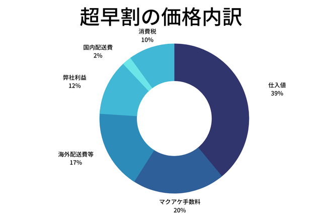 超早割の価格は下記の割合で組まれています。超早割から早割の価格増加分は広告費としてあてがわさせていただきます。
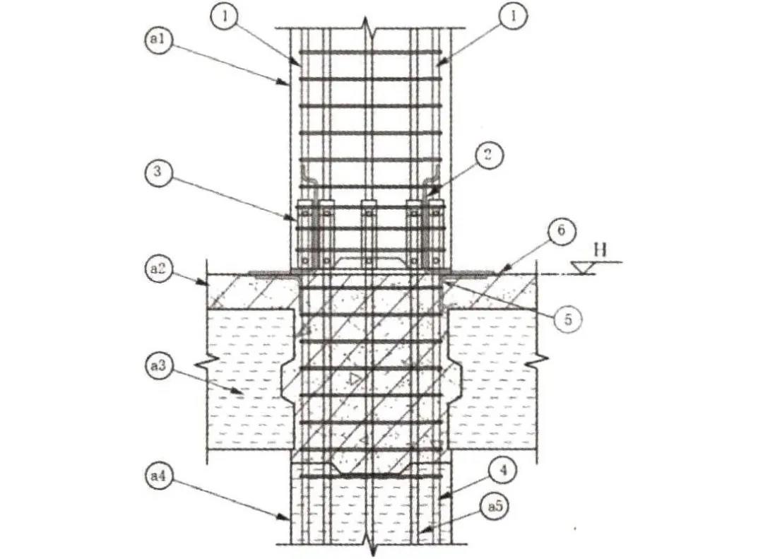 1.上部預制柱主筋;2,Ф10圓鋼;3.-40 X 4鍍鋅扁鋼;4.下部預制柱主筋;5.Ф10圓鋼;a1.上部預制柱;a2.下部預制柱;a3.灌漿套筒
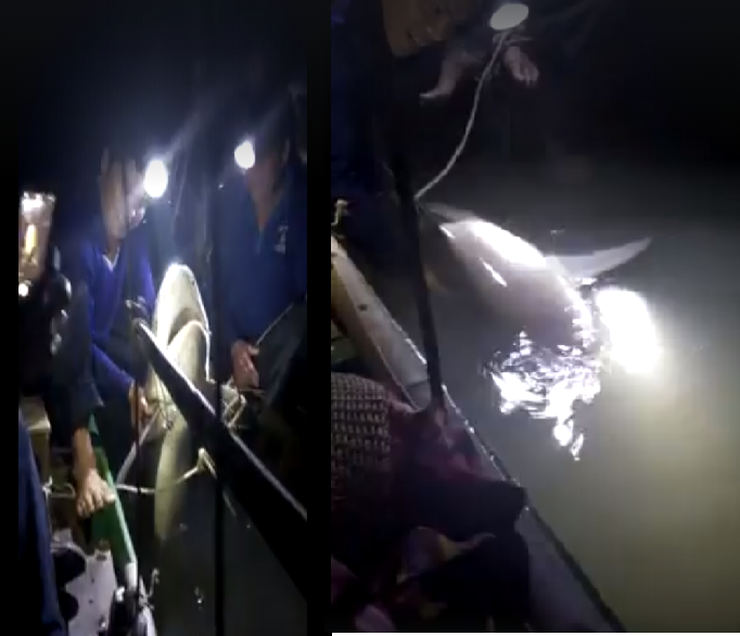 Một người chuyên thu mua cá sông đã trả 500.000 đồng/kg nhưng sau đó thấy cá lạ nên sợ không dám mua nữa. Ngư dân bắt được cá đã cột dây thừng vào mang con cá, rồi kéo đi trong đêm.
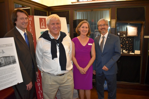 From left, Trudeau Institute researcher Brian Weinrick, microbiology and immunology scientist Bill Jacobs, Historic Saranac Lake Executive Director Amy Catania and Trudeau Institute President Atsuo Kuki pose at a “Milestone in Microbiology” ceremony Friday, Oct. 11 at the Saranac Laboratory Museum. (News photo — Griffin Kelly)
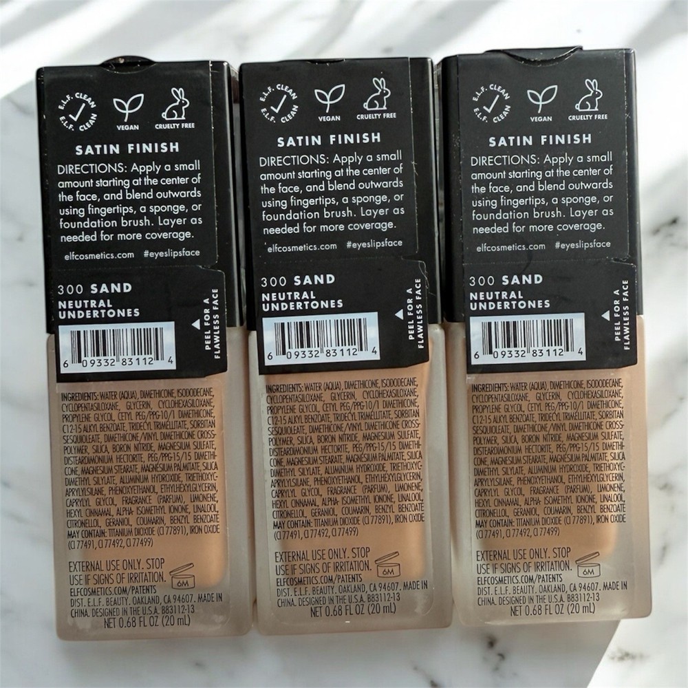 elf Flawless Satin Foundation in 300 Sand 3-Pack 0.68 oz each
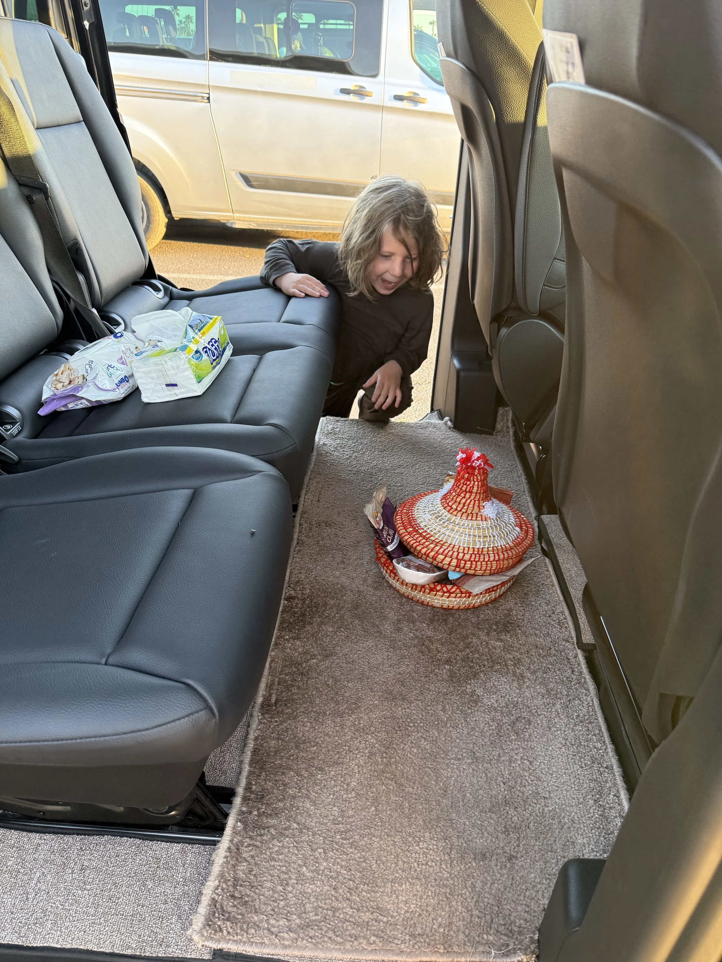 We booked our Morocco trip through a tour company and will be pretty heavily supported and handled during our time here. Abdul, our driver for the next 9 days, picked us up in a huge sprinter van equipped with Wifi, mini fridge for water and a basket of snacks. He also gifted us shoulder bags with our names written on them in Arabic. The boys immediately took to peppering their new friend with questions. Lenny led with, “Are those palm trees coconut trees?” Sadly they are not coconut palms but date palms. We had lots of dates in our snack basket and I’m hopeful we can turn the boys into date fans during our time here.
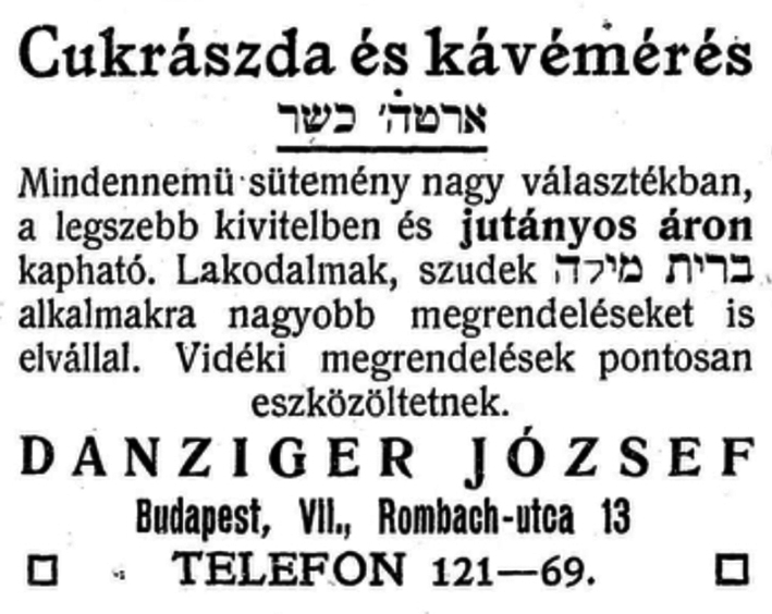 Különösen a nyári esküvők alkalmával lehetett népszerű választás Danziger József cukrászdája a Rumbach utca 13. szám alatt, ahol fagylaltot és jegeskávét is készítettek, sőt akár még vidékre is szállítottak.7 Danzinger vendéglője pedig még a főváros legvallásosabb híveinek is kiváló választás lehetett, hiszen a rituális felügyeletet az orthodox hitközség rabbinátusa látta el, csakúgy, mint Schlesinger Jakab kerthelyiséges vendéglőjében, a Kazinczy utca 51. alatt.8
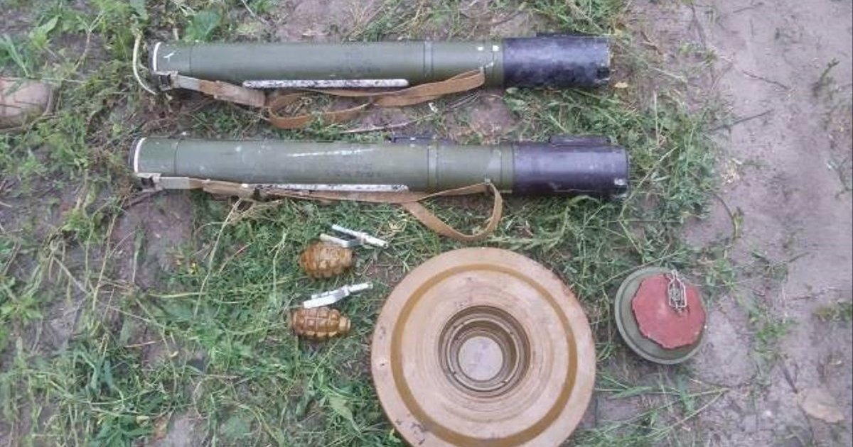 Згідно з повідомленням, правоохоронці вилучили зі схованки, обладнаної в лісовому масиві на березі річки Сіверський Донець, два гранатомети РПГ-22 і танкову міну з годинниковим детонатором.
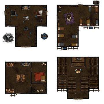 Want to customize your town in addition to this pack? Not a problem. You can use the unfurnished floor map templates to create your own unique stone, wood, or dirt buildings.
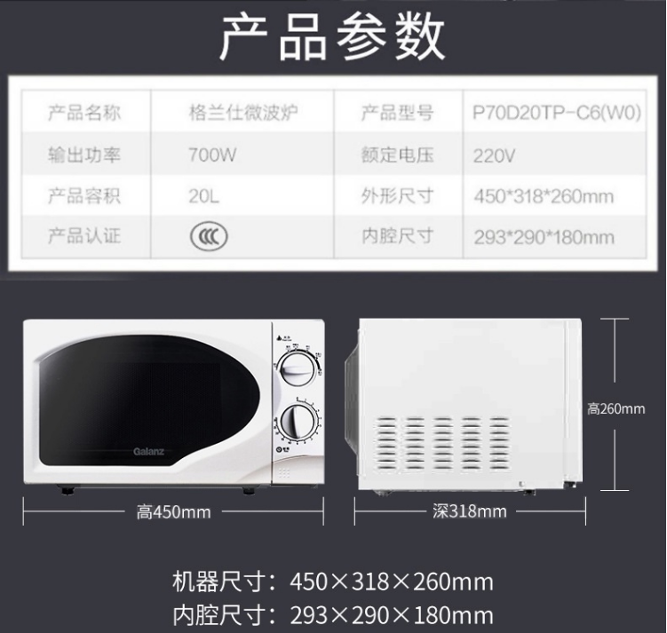 Granse microwave oven P70F23P - G5 official mechanical knob household small 23 liter flat large capacity
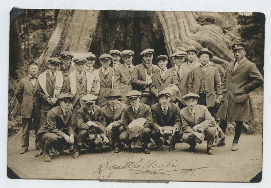 | description | Sepia toned outdoor photograph of twenty Japanese Americans wearing formal dress, including full suit and tie, dress caps, and three with sweaters wrapped around their shoulders. One man to the right is wearing a knee length coat. The group is standing in front of the Stanley Park Hollow Tree. Fourteen people are standing and six are crouching in front of them. Recto is annotated with "Seattle Asahi; 1919".
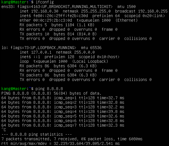 ifconfig로 IP변경이 잘되었는지 잘되었으면 8.8.8.8로 ping 날려 통신이 잘되는 확인 하면됨
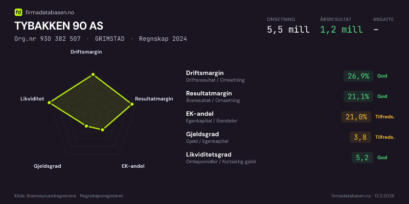 TYBAKKEN 90 AS hadde en omsetning på 5.5 mill i 2024, med driftsmargin på 26.9%.
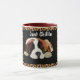 Bonita taza de café de mañana tranquila con tu lindo San Bernardo y patrón de repetición. El marrón rojo realza la manija y el interior. Se encuentra el cachorro echando una siesta sobre un fondo de negro. Los cachorros patrón duermen sobre amarillo para iluminar la taza. Es un gran regalo para un padre, marido, hijo, hermano y amante de San Bernardo. Diseñado por AbuNana.com.
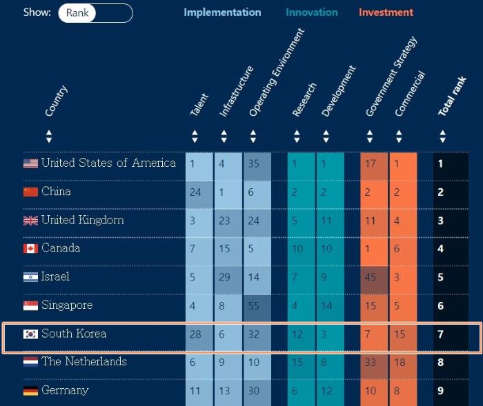 영국 데이터 분석업체인 토터스 인텔리전스(Tortoise Intelligence)가 공개한 최근 '글로벌 AI 지수' 조사결과에 따르면 올해 한국의 종합순위는 7위로 지난 조사보다 두 계단 하락했다. 지난해까지 앞섰던 이스라엘과 싱가포르를 앞섰는데 밀렸다. 종합순위에서 한국을 앞선 나라는 미국과 중국, 영국, 캐나다, 이스라엘, 싱가포르 등이다. 토터스 인텔리전스의 조사는 지난해 2월 세계경제포럼(WEP) 등에서 소개됐을 정도로 각국에서 AI 경쟁력을 가늠하는 지표로 많이 활용한다.
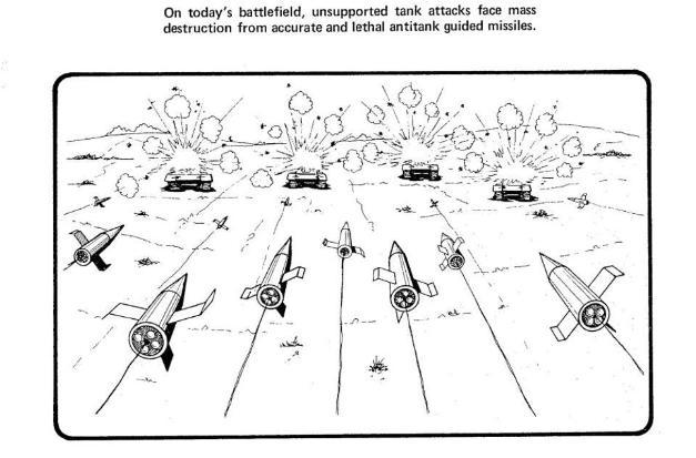 Рисунок руководства армии США 1977 года иллюстрирует опасение перед тем, что управляемые ракеты сделают танки устаревшими, но новая тактика сохранила превосходство танка. АРМИЯ США

---+---

> _What is being asked_
Look back over the records above. Reproduce exactly everything from the line with "Granse microwave oven" down to the line with "TYBAKKEN 90 AS", inclusive, and leave the pictures out.

> _Response box_
 Granse microwave oven P70F23P - G5 official mechanical knob household small 23 liter flat large capacity
 | description | Sepia toned outdoor photograph of twenty Japanese Americans wearing formal dress, including full suit and tie, dress caps, and three with sweaters wrapped around their shoulders. One man to the right is wearing a knee length coat. The group is standing in front of the Stanley Park Hollow Tree. Fourteen people are standing and six are crouching in front of them. Recto is annotated with "Seattle Asahi; 1919".
 ifconfig로 IP변경이 잘되었는지 잘되었으면 8.8.8.8로 ping 날려 통신이 잘되는 확인 하면됨
 TYBAKKEN 90 AS hadde en omsetning på 5.5 mill i 2024, med driftsmargin på 26.9%.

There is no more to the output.